The Chicago trial was, in many ways, a do-over of Kelly’s 2008 child pornography trial, with a key video critical to both.

The legal challenges for Kelly — who rose from poverty on Chicago’s South Side to become a Grammy-winning superstar — are not yet over. Two further trials are pending; one in Minnesota and another in state court in Chicago.

Jurors began deliberating Tuesday after Judge Harry Leinenweber gave them instructions, including explicit descriptions of what constitutes sexual abuse.

Early Wednesday, jurors wrote several questions to the judge, at least one indicating the panelists may be grappling with some of the case’s legal complexities.

One asked if they had to find Kelly both enticed and coerced minors, or that he either enticed or coerced them. Over objections from Kelly’s lawyer, the judge said they only need to find one.

In closing arguments Tuesday, Kelly attorney Jennifer Bonjean likened the government’s testimony and evidence to a cockroach and its case to a bowl of soup.

If a cockroach falls into soup, she said, “you don’t just pull out the cockroach and eat the rest of the soup. You throw out the whole soup,” said told jurors.

“There are just too many cockroaches,” she said.

In her rebuttal Tuesday, prosecutor Jeannice Appenteng told jurors to remember the girls and women who have accused Kelly of abuse.

“When you are in the quiet of the jury room, consider the evidence in light of who is at the center of this case. Kelly’s victims: Jane, Nia, Pauline, Tracy and Brittany,” Appenteng said, referring to five Kelly accusers named in charging documents by pseudonyms or their first names.

As Kelly’s fame boomed in the mid-1990s, Appenteng said, his inner circle increasingly focused on doing what the performer born Robert Sylvester Kelly wanted.

“And ladies and gentlemen, what R. Kelly wanted was to have sex with young girls,” she said.

Kelly, 55, was convicted of racketeering and sex trafficking in New York in June and sentenced to 30 years in prison.

Bonjean described Kelly as a flawed genius who has been functionally illiterate since childhood and was ill-equipped to navigate his celebrity and growing wealth. She said that he was abused as a child also deeply affected him.

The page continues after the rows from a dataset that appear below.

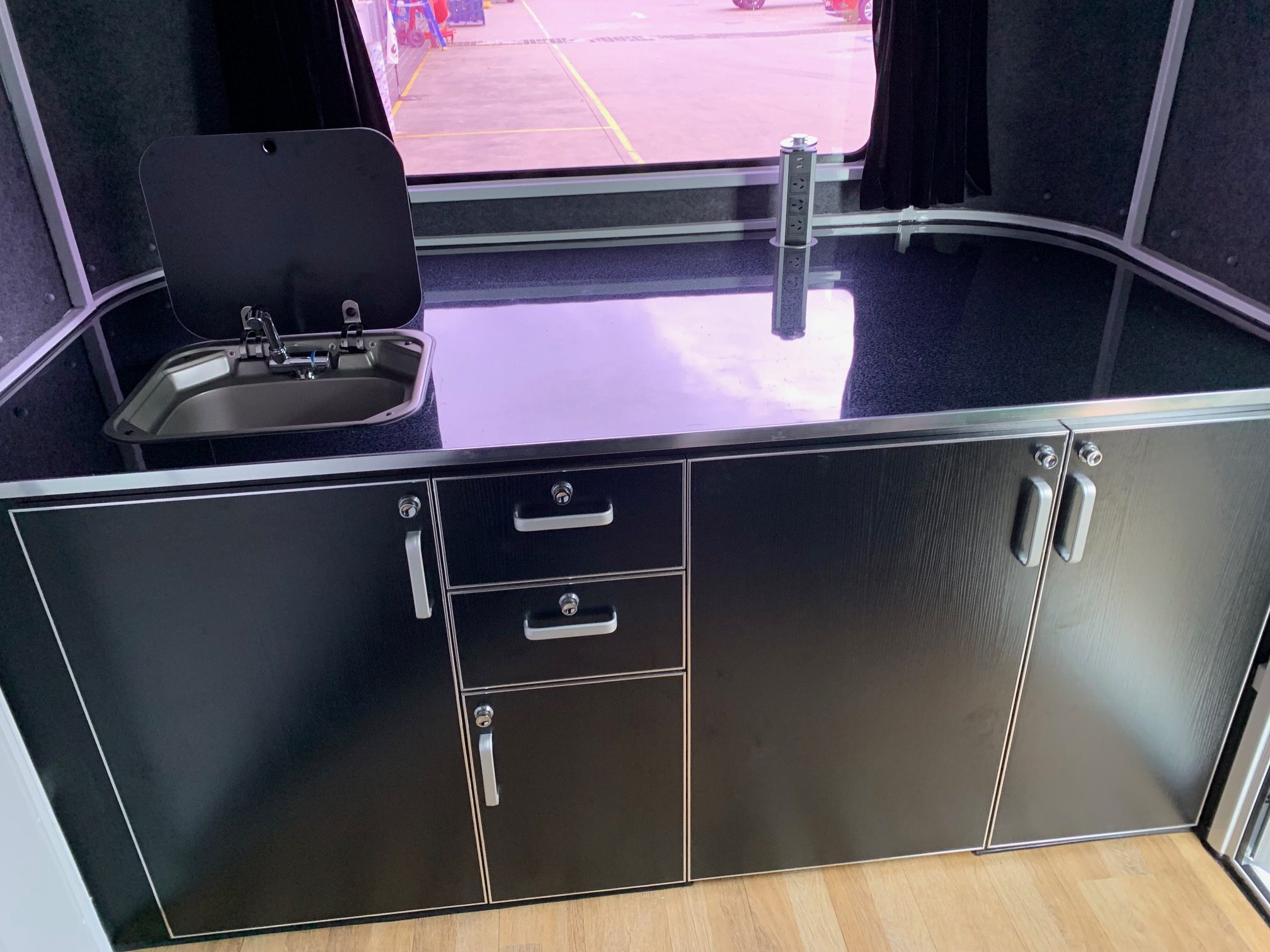 Kitchen customisation’s apply to Deluxe and Camper ranges. All Regency kitchens come set up with a wardrobe, 2 cupboards and a set of drawers. The standard colour for the kitchens is a grey wood grain. Kitchen samples include a range of wood grains, white and black.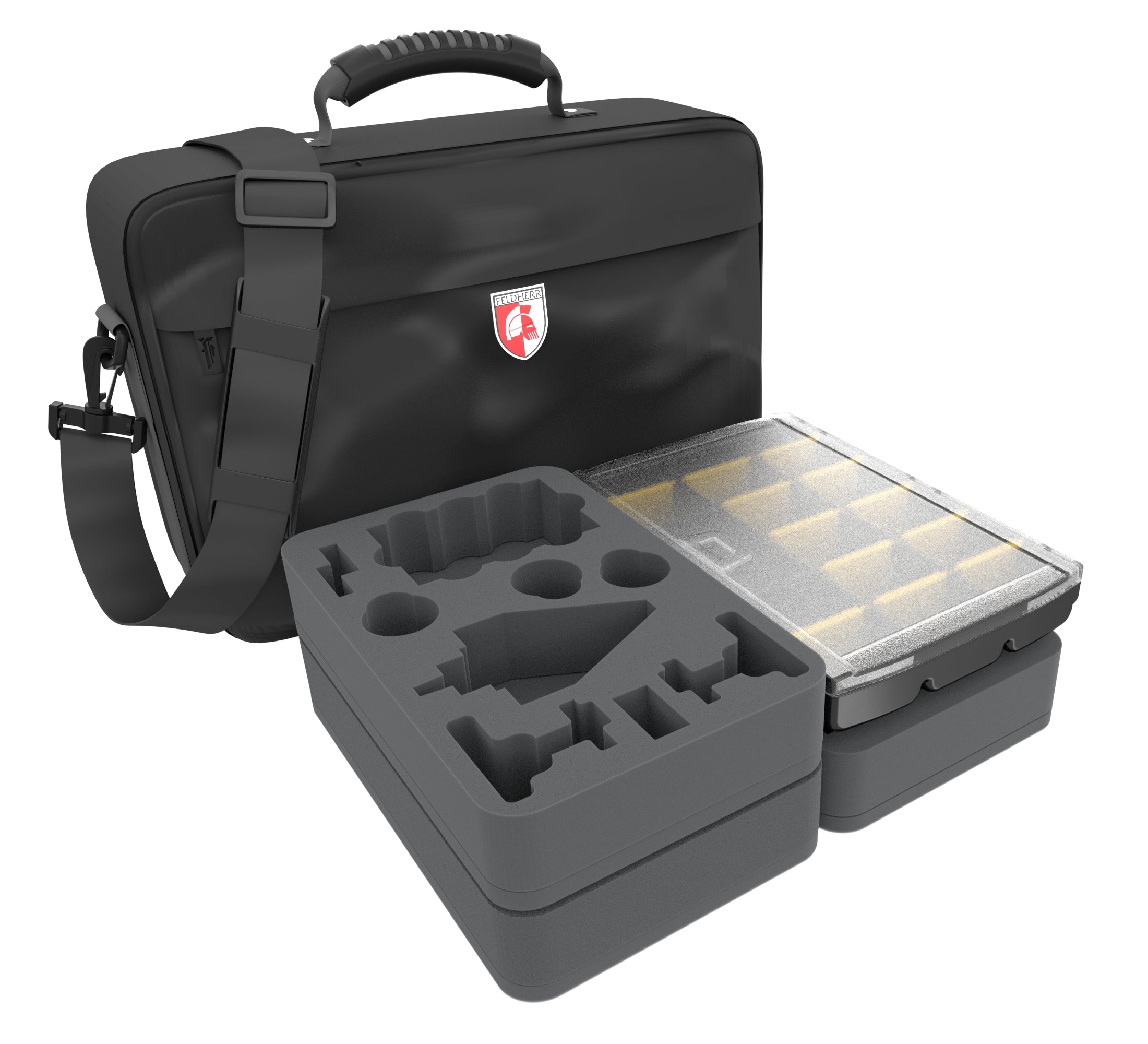 Con questa borsa Feldherr MEDIUM, riempita con un contenitore a scomparti e vassoi di schiuma personalizzati progettati appositamente per la Galactic Republic Fleet Starter e il Fighter Squadrons Expansion Pack, sei ben equipaggiato per combattere i Separatisti.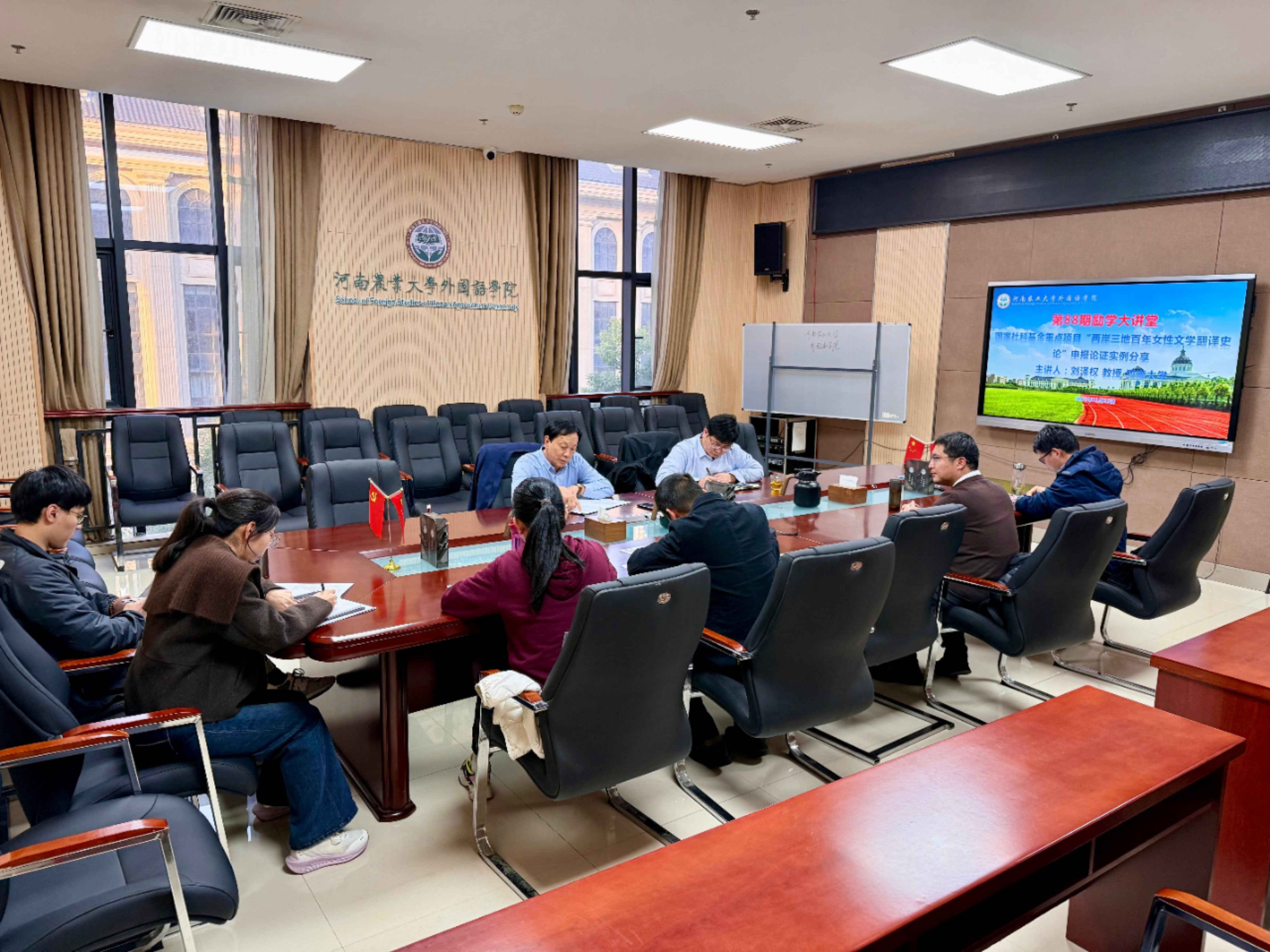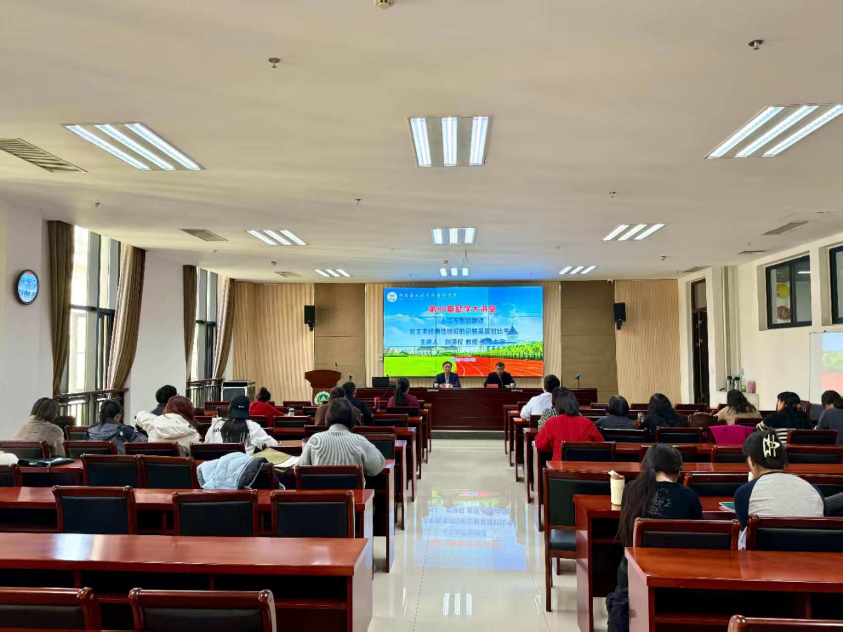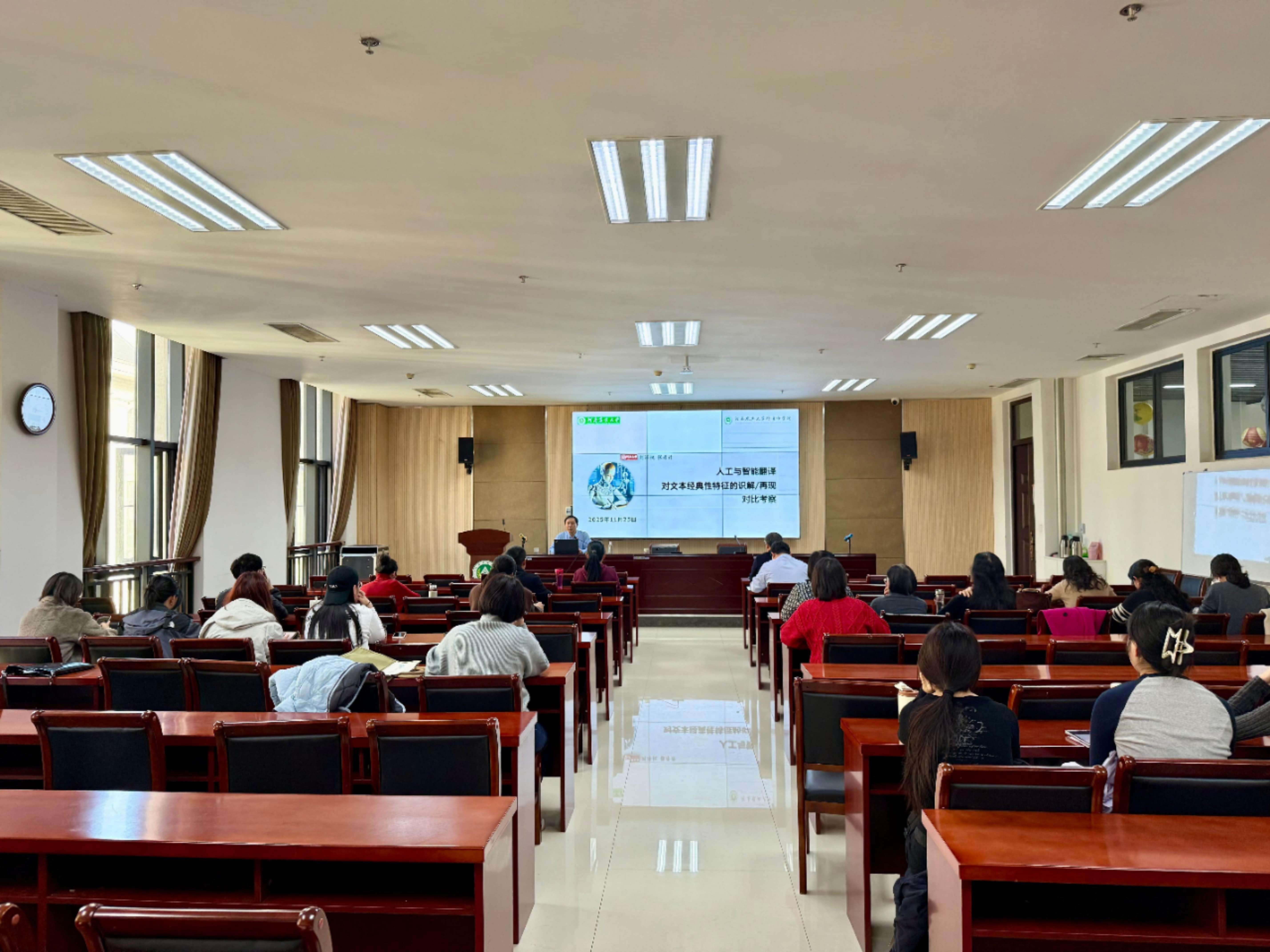 本网讯(审稿:吴玲;供稿:马孝幸;摄影:黄彪)11月25日,河南大学二级教授、博士生导师刘泽权应邀做客外国语学院第88期励学大讲堂,分别做了题为“人工与智能翻译对文本经典性特征的识解呈现对比考察”和“国家社科基金重点项目‘两岸三地百年女性文学翻译史论’申报论证实例分享”两场报告会。报告会由院长张俊杰教授主持,学院骨干教师和研究生代表参加了此次报告会。

Known for his smash hit “I Believe I Can Fly” and for sex-infused songs such as “Bump n’ Grind,” Kelly sold millions of albums even after allegations of sexual misconduct circulated in the 1990s. Widespread outrage emerged after the #MeToo reckoning and the 2019 Lifetime docuseries Surviving R. Kelly.

Kelly and co-defendant Derrell McDavid, Kelly’s ex-business manager, are accused of fixing Kelly’s 2008 trial on state child porn charges by intimidating and paying off witnesses.

Kelly faces four counts of producing child pornography, one of conspiring to obstruct justice by fixing the 2008 trial, one of conspiring to receive child porn, two of actually receiving it and five of enticing minors for sex.

McDavid is charged with four counts — two for receiving child porn, one for conspiring to do so and one for conspiring to obstruct justice by rigging the 2008 trial, at which Kelly was acquitted.

Co-defendant Milton Brown, a former Kelly associate, faces a single count of conspiring to receive child pornography.